Why same-sex couples should consider a second parent adoption if you or your partner conceived a child through sperm or embryo donation.
In 2014, the California legislature added Family Code section 9000.5 which simplifies a stepparent adoption in cases where one spouse gave birth to a child during a marriage or domestic partnership by removing the requirement of a home study or home visit prior to the adoption. Previously, home studies costing $700 were required for all second parent adoptions which could take months to complete. The result is a “second parent” or “confirmatory” adoption which is easier than ever for lesbian couples who conceived a child during their marriage or domestic partnership. This Family Code section also applies surrogacy births where the parties were married at the time of conception but one party is not on the birth certificate.
When you should consider a second parent adoption if your partner conceived a child through sperm or embryo donation:
1. If you are a same-sex couple that may move out of California in the future. One should not assume that listing both spouses on the birth certificate of the child guarantees the parent-child relationship. States are not required to recognize birth certificates, and case law finds that the birth certificate is not an official act but merely a recording of what two parents report to a county clerk. An adoption order is an official act entitled to recognition under the Full Faith and Credit clause of the Constitution. Every state differs in its recognition of children born in a marriage, some are gender-specific to recognize only fathers of children born to their spouses as natural parents. So the parentage of same sex couples may be recognized in California but not elsewhere.

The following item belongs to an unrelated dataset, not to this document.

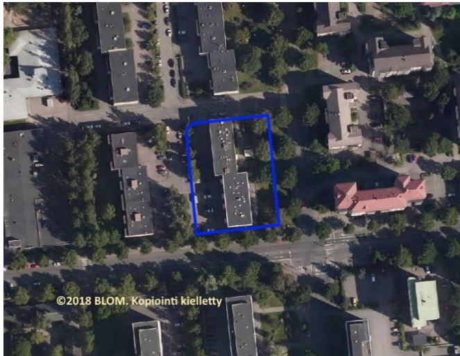
Kuva: Ilmakuva alueesta

2. If you did not use a licensed physician, surgeon, sperm bank, or clinic for your sperm donation. Some women have used home do-it-yourself methods for artificial insemination; others use intercourse. In the first case, a written agreement prior to insemination needs to be in place; in the latter case, no contract between donor and mother will terminate the donor’s parental rights. In these cases, a second parent adoption should be used to ensure that the spouse of the natural mother is recognized as the parent in the adoption.
When would the lack of an adoption order cause problems?
In some cases, sperm donors have sought visitation or custody rights; if the donor agreement which establishes no parental claims is not recognized in the state they seek visitation rights, they may be found to have rights as a parent. In the case of divorce, the other parent may claim that they are not responsible for child support. If the state does not recognize the surrogacy or sperm donor’s consent, then parental rights may be established in favor of the donor. A second parent adoption would terminate whatever rights might exist by virtue of the donor’s blood relationship to the child.
What about for surrogacy?
The Family Code also provides that for spouses or domestic partners in surrogacy where only one spouse is established through the proceeding to establish parentage or Uniform Parentage Act, the spouse is also entitled to a streamlined adoption. So spouses who end up not being on the birth certificate for surrogacy may be able to apply for a second parent adoption. Under this procedure, the spouse who is not on the judgment or birth certificate can receive an adoption order to be added as a parent on the birth certificate or delayed registration of birth if the birth certificate is foreign.